··· Exercise data
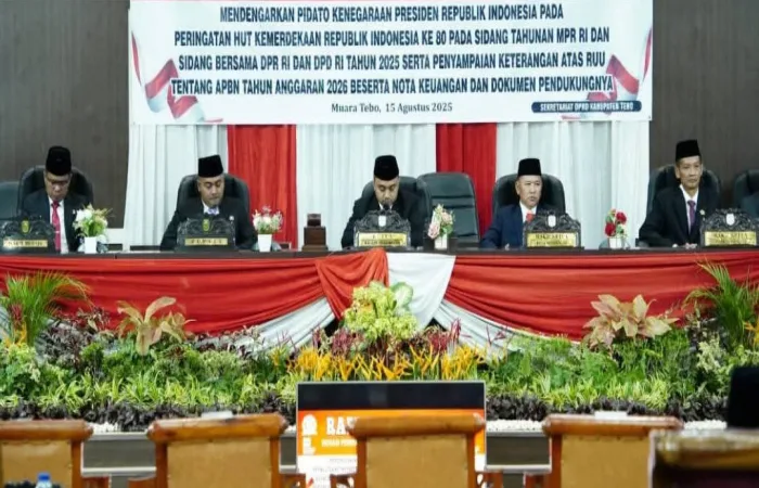 TEBO – DPRD Kabupaten Tebo menggelar rapat paripurna istimewa dalam rangka memperingati Hari Kemerdekaan Republik Indonesia ke-80, Jumat (15/8/2025). Agenda ini dilaksanakan untuk menyaksikan siaran langsung sidang tahunan MPR RI dan sidang bersama DPR RI dan DPD RI, sekaligus mendengarkan penyampaian keterangan atas RUU APBN Tahun Anggaran 2026 beserta nota keuangan dan dokumen pendukungnya.
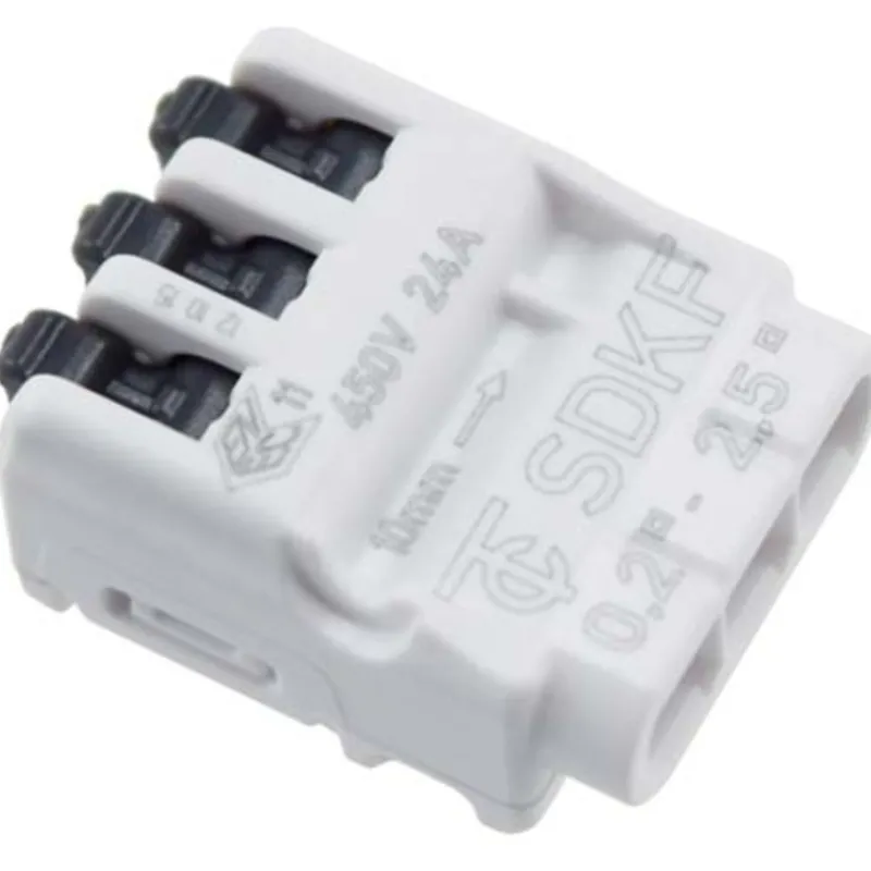 3-osainen vipuliitin. Nimellisjännite 450 V. Nimellisvirta 24 A. Max. ympäristön lämpötila T85. Johdon kuorimispituus 9 + 1 mm. Johtimen paksuus 0.2 – 2.5 mm².
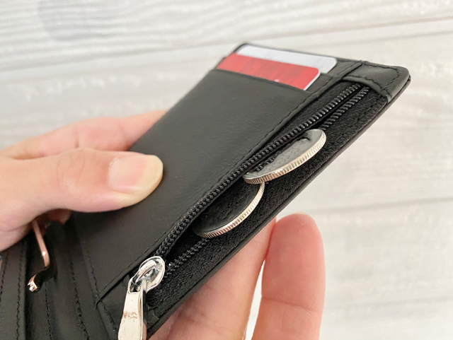 - ジーンズのポケット、ジャケットの内ポケットにもすっぽり入る!コイン収納付き薄型・コンパクト財布
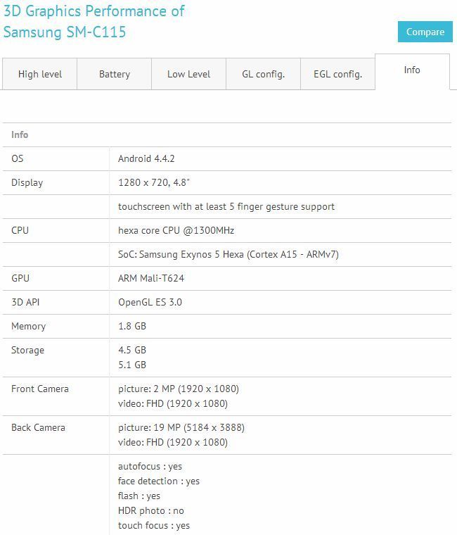 O Samsung Galaxy S5 Zoom (SM-C115) surgiu hoje na base de dados GFXBench, onde foram reveladas algumas especificações do seu hardware. Infelizmente para os fãs deste tipo de híbrido que junta câmara fotográfica digital e smartphone a Samsung adoptou a mesma estratégia que aplicou com o S4 Zoom.
······
→ What to do: Skipping all images, output the listing exactly.

→ Solution for this exercise:
 TEBO – DPRD Kabupaten Tebo menggelar rapat paripurna istimewa dalam rangka memperingati Hari Kemerdekaan Republik Indonesia ke-80, Jumat (15/8/2025). Agenda ini dilaksanakan untuk menyaksikan siaran langsung sidang tahunan MPR RI dan sidang bersama DPR RI dan DPD RI, sekaligus mendengarkan penyampaian keterangan atas RUU APBN Tahun Anggaran 2026 beserta nota keuangan dan dokumen pendukungnya.
 3-osainen vipuliitin. Nimellisjännite 450 V. Nimellisvirta 24 A. Max. ympäristön lämpötila T85. Johdon kuorimispituus 9 + 1 mm. Johtimen paksuus 0.2 – 2.5 mm².
 - ジーンズのポケット、ジャケットの内ポケットにもすっぽり入る!コイン収納付き薄型・コンパクト財布
 O Samsung Galaxy S5 Zoom (SM-C115) surgiu hoje na base de dados GFXBench, onde foram reveladas algumas especificações do seu hardware. Infelizmente para os fãs deste tipo de híbrido que junta câmara fotográfica digital e smartphone a Samsung adoptou a mesma estratégia que aplicou com o S4 Zoom.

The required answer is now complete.